Commons:Bots/Requests/Picasa Review Bot

From Wikimedia Commons, the free media repository
Jump to navigation Jump to search

Picasa Review Bot (talk · contribs)

Operator: Dcoetzee (talk)

Bot's tasks for which permission is being sought: Much like User:FlickreviewR, this bot reviews files uploaded from Picasa and either marks them reviewed if the image and license match and are valid, or marks it requiring human review otherwise. Here's an example of a passed review, and an example of a failed review.

Automatic or manually assisted: The bot is fully automated. To avoid any mistakes, the full-resolution file at the source must be an exact match, as must the license. Detecting thumbnails would be a future extension. Update: The bot now detects downscaled images using a simple mean-squared difference test and uploads the original full-resolution version. See e.g. File:Bychkov igor.jpg. It skips images that have been modified from the original. Another new feature: People who upload Picasa images often just supply the album or even just the user. Picasa Review Bot will now search Picasa for the right image, add its URL to the image description page, and then proceed to review it normally. It also now gives the reason for rejection in the review failed tag.

Edit type (e.g. Continuous, daily, one time run): Run on-demand from time to time by its owner. I might move it to a cron job on Toolserver in the future.

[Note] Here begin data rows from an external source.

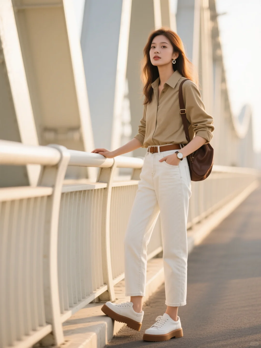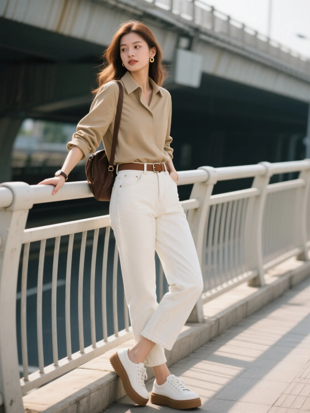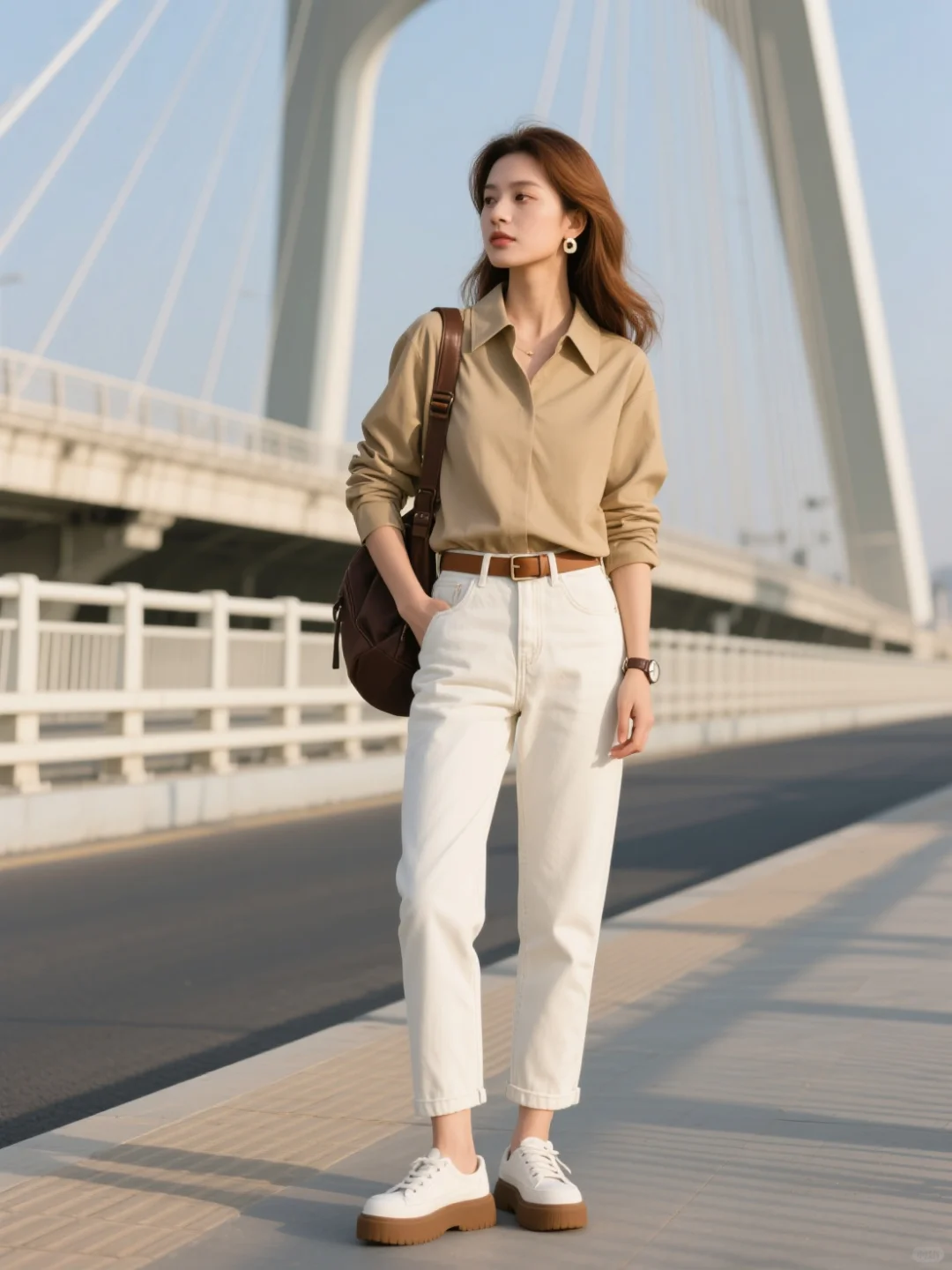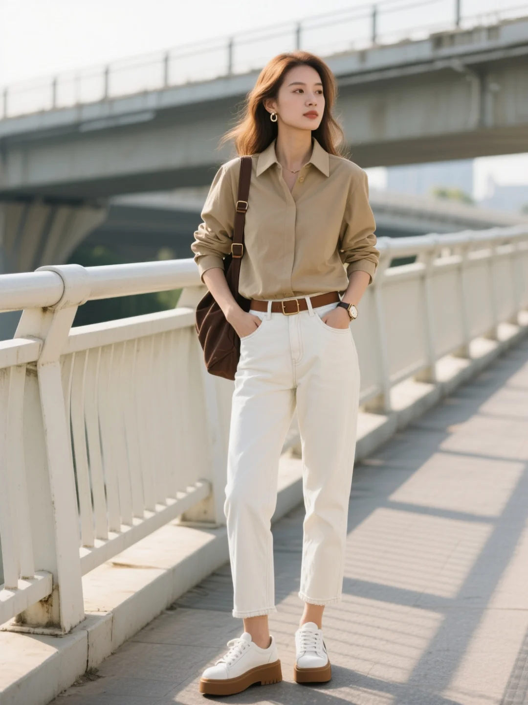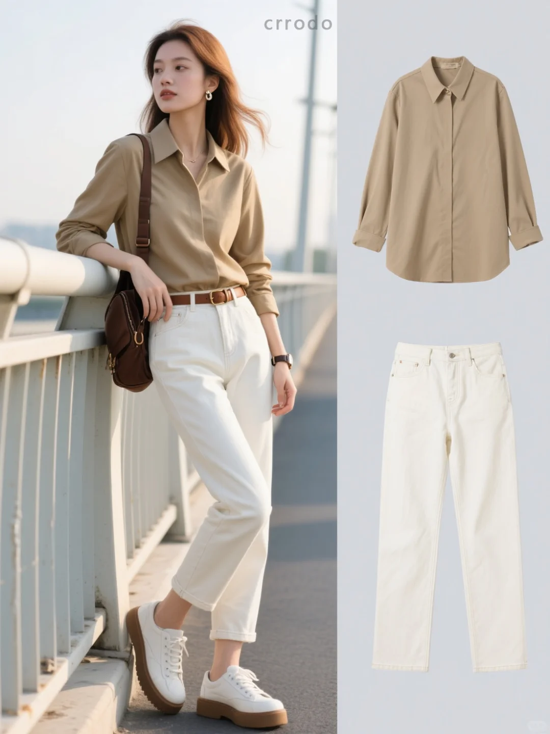 秋日松弛感穿搭|卡其衬衫+白色裤子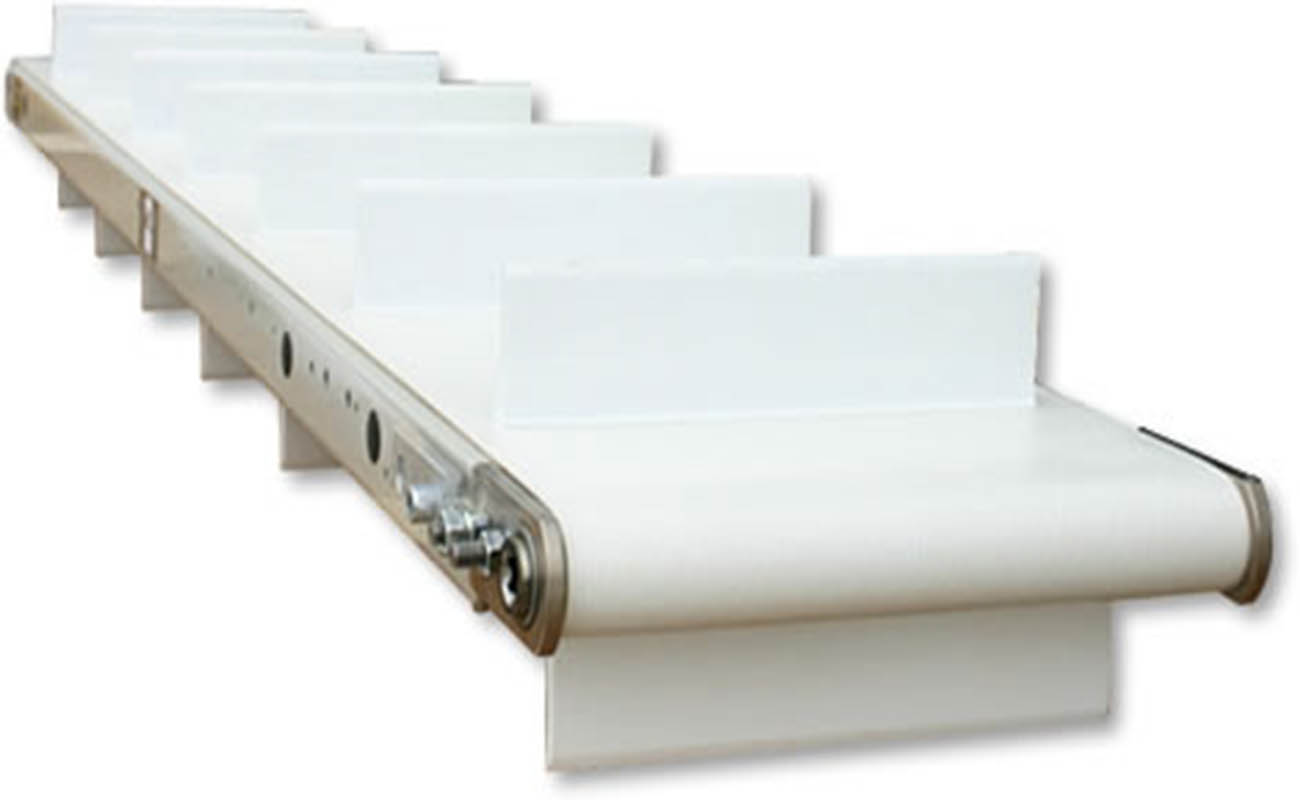 PU白色食品輸送帶(裙邊擋板帶),擋邊起防止物料測滑撒落的作用。為便于轉(zhuǎn)彎,裙邊設(shè)計成波紋狀;橫隔板的作用是承托物料,為了實現(xiàn)大傾角輸送,采用T型TC型。檔邊和橫隔板是用二次硫化的方法與基帶連接的,具有很高的連接強度。用于輸送易散落的粉狀、粒狀、小塊狀、糊狀及液態(tài)狀物料。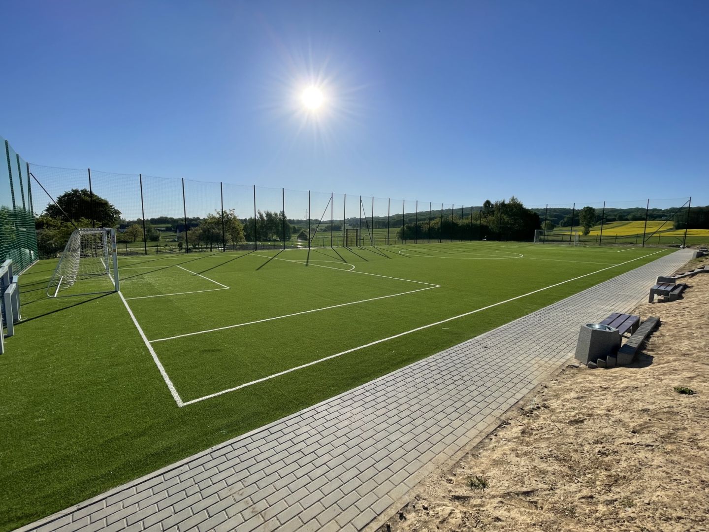 - budowa boiska do piłki nożnej o nawierzchni ze sztucznej trawy, o powierzchni 1400 m2, wraz z infrastrukturą sportową.

Maximum edit rate (eg edits per minute): No more than 6-8 edits per minute due to the time needed to download and compare the image files.

Bot flag requested: (Y/N): Y

Programming language(s): C#, DotNetWikiBot (may translate to something else later)

See also: Commons:Picasa Web Albums files

(Note: I accidentally made some normal edits while logged on as this bot. Oops.)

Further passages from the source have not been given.